Following Cavafy, Fr Moyses uses, again, the conjunction ‘να’ in order to exhort the young monk to work and drive him in the correct direction of thought: to enjoy monastic obscurity. In addition, Fr Moyses’ prohibition to the young monk to draw attention to laymen’s speech is reminiscent of Cavafy’s words to his reader not to be afraid of Poseidon. Both poets try to give hope and strength to their interlocutors in order to continue their journey. As Poulis asserted,[107] Cavafy expresses religious elements; however, Fr Moyses strengthens these religious elements.

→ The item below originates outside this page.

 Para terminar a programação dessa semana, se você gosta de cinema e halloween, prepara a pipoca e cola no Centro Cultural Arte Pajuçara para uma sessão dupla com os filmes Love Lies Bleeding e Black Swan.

In general, Fr Moyses modifies Cavafy’s Ithaca. His poems are obviously inspired by Cavafy. However, he enriches them with elements that the reader does not see in the latter. In ‘Same Times’,[108] Fr Moyses replaces Cavafy’s single trophy with a double one. On the one hand, Cavafy says that the aim of the journey is to gain all the values that it offers. Nonetheless, Fr Moyses asserts that in accepting the values of the travel, you should become a national benefactor. Through the experience and all the values you acquired, you should help other people.

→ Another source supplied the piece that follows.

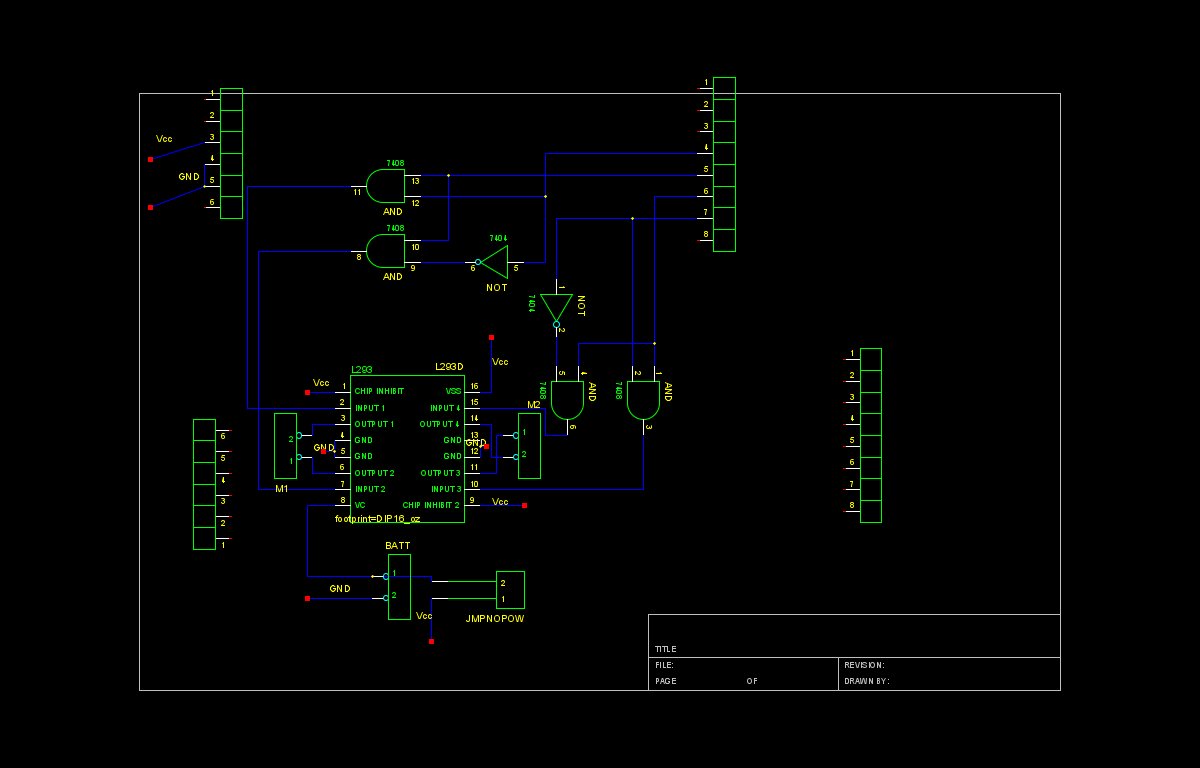 sur Gentoo, mais personnellement j'ai fini par agréger ma propre librairie de composants afin d'obtenir des descriptions cohérentes utilisables sur l'ensemble des logiciels de la suite gEDA, les composants fournis d'office n'étant généralement plus utilisables dès qu'on veux passer d'un logiciel de la suite à un autre. - Faite apparaitre vos connecteurs sur le schéma logique :) ! On n'y pense pas forcément lorsqu'on a le nez dans le schéma fonctionnel mais il est essentiel de se rappeler que votre "signal IN" devra bien venir de quelque part sur votre circuit imprimé physique. Vous devez donc absolument ajouter à votre schéma gschem les composants de connectique.

In ‘Athos Ithaca’,[109] Fr Moyses transfers readers, mentally, to his familiar surroundings; that of Mount Athos. He is an old monk, who advises a younger monk. In that way, the poem has a sound religious character, enriched by the monastic atmosphere of Mount Athos. Fr Moyses’ speech is descriptive and truthful, since he speaks as a real monk. His words are truthful, because he describes monasticism as someone who experiences the monastic life. Fr Moyses is not a layman who speaks about the monastic life as a visitor. Even if the reader considers that the poem constitutes an imaginary speech, the words of Fr Moyses reveal his closeness to monasticism. Fr Moyses reminds us that he is a monk, who writes poetry. Especially in ‘Athos Ithaca’, Fr Moyses takes the idea of Ithaca from Cavafy and writes something new. He writes a poem with sound Christian character about monasticism, by changing the name of Ithaca to Athos.

[To Be Continued]

[102] Cavafy, The Collected Poems, 36-39.

[103] Μωυσέως Αγιορείτου, Αθωνικά Ποιήματα, 75. My translation.

[104] As I have already shown, analyzing Cavafy’s Ithaca, the ideals are: experience, knowedge and wisdom. Fr Moyses, also, promotes these three ideals in his poem ‘Same Times’.

[105] Μωυσέως Αγιορείτου, Αθωνικά Ποιήματα, 75. My translation.

[106] Cavafy, The Collected Poems, 36-38.

[107] I mentioned Poulis’s opinion earlier.

[108] Μωυσέως Αγιορείτου, Αθωνικά Ποιήματα, 38. My translation.

[109] Μωυσέως Αγιορείτου, Αθωνικά Ποιήματα, 75. My translation.